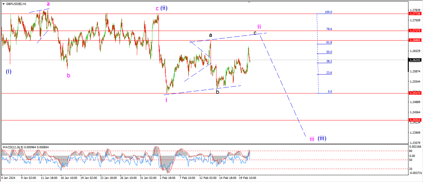 Watch for wave ‘c’ of ‘ii’ to complete with a break of the wave ‘a’ high at 1.2686.
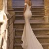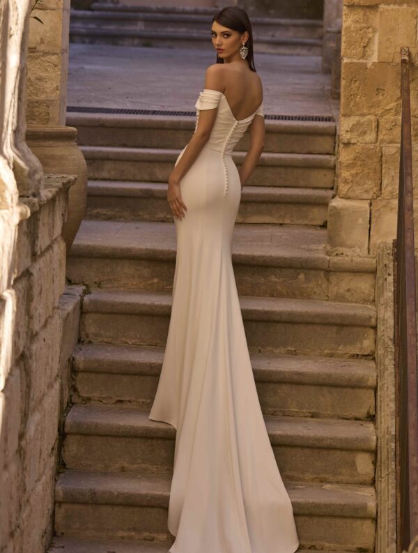Met een geplooid lijfje en bruidsknopen, in een lichtgewicht, zachte crêpestof.
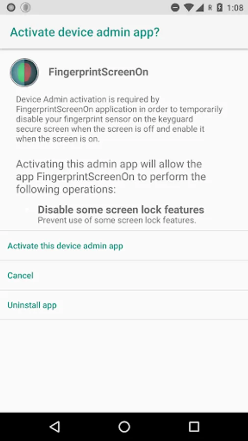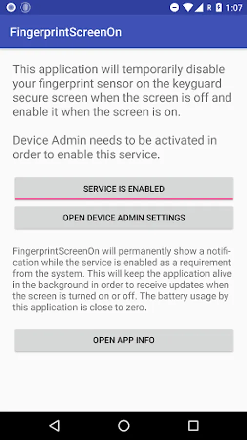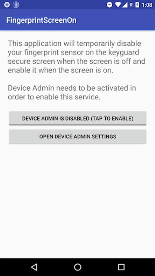 The application will temporarily disable your fingerprint sensor on the keyguard secure screen when the screen is off and enable it when the screen is on.
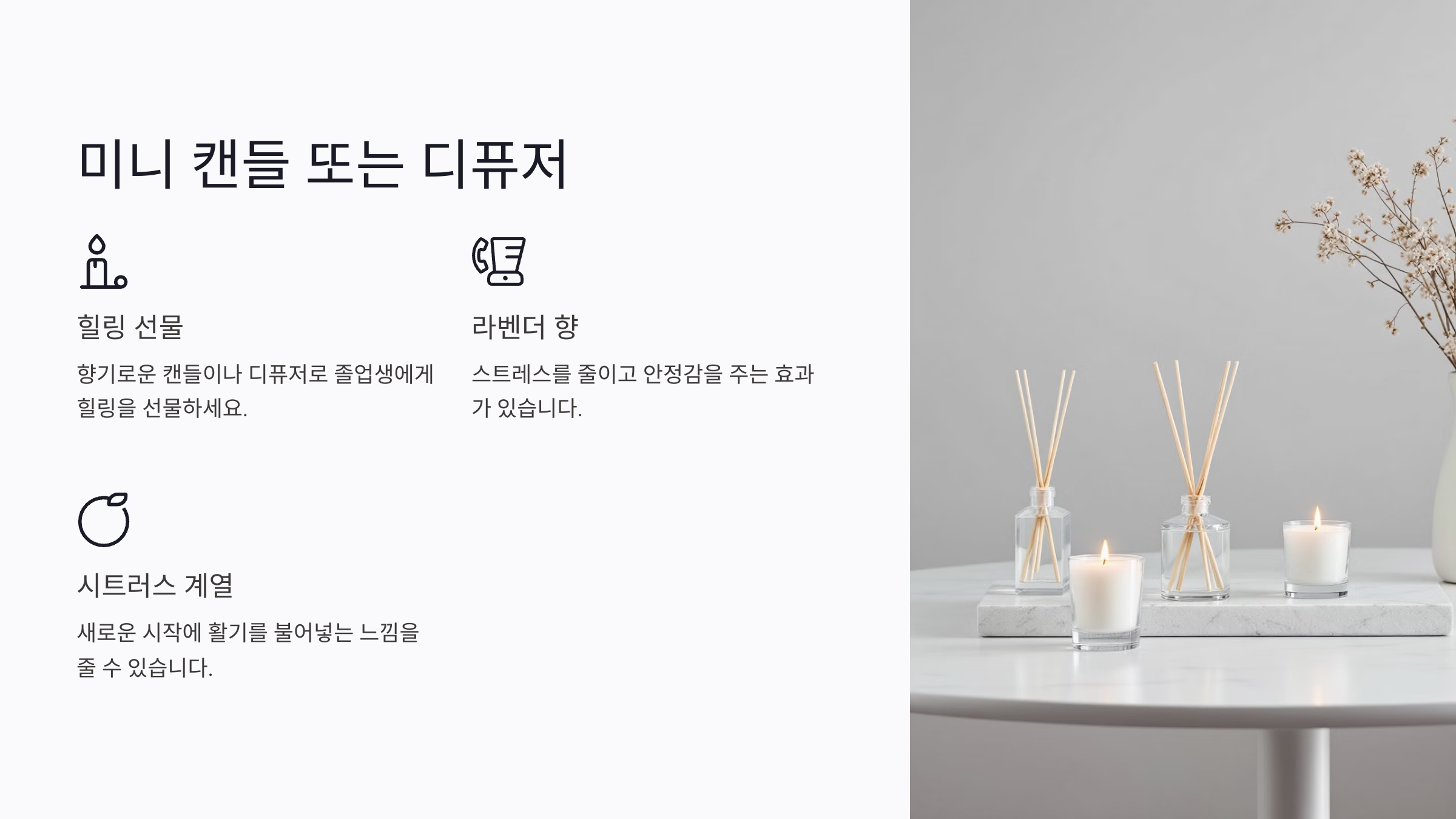 향기로운 캔들이나 디퓨저는 졸업생에게 힐링을 선물할 수 있는 아이템이에요. 요즘에는 5,000원~1만 원대의 고급스러운 디자인의 미니 캔들, 디퓨저를 쉽게 찾을 수 있답니다.

========

What you give back must match the material above exactly, minus its pictures.

> **Written solution**:
 Watch for wave ‘c’ of ‘ii’ to complete with a break of the wave ‘a’ high at 1.2686.
Met een geplooid lijfje en bruidsknopen, in een lichtgewicht, zachte crêpestof.
 The application will temporarily disable your fingerprint sensor on the keyguard secure screen when the screen is off and enable it when the screen is on.
 향기로운 캔들이나 디퓨저는 졸업생에게 힐링을 선물할 수 있는 아이템이에요. 요즘에는 5,000원~1만 원대의 고급스러운 디자인의 미니 캔들, 디퓨저를 쉽게 찾을 수 있답니다.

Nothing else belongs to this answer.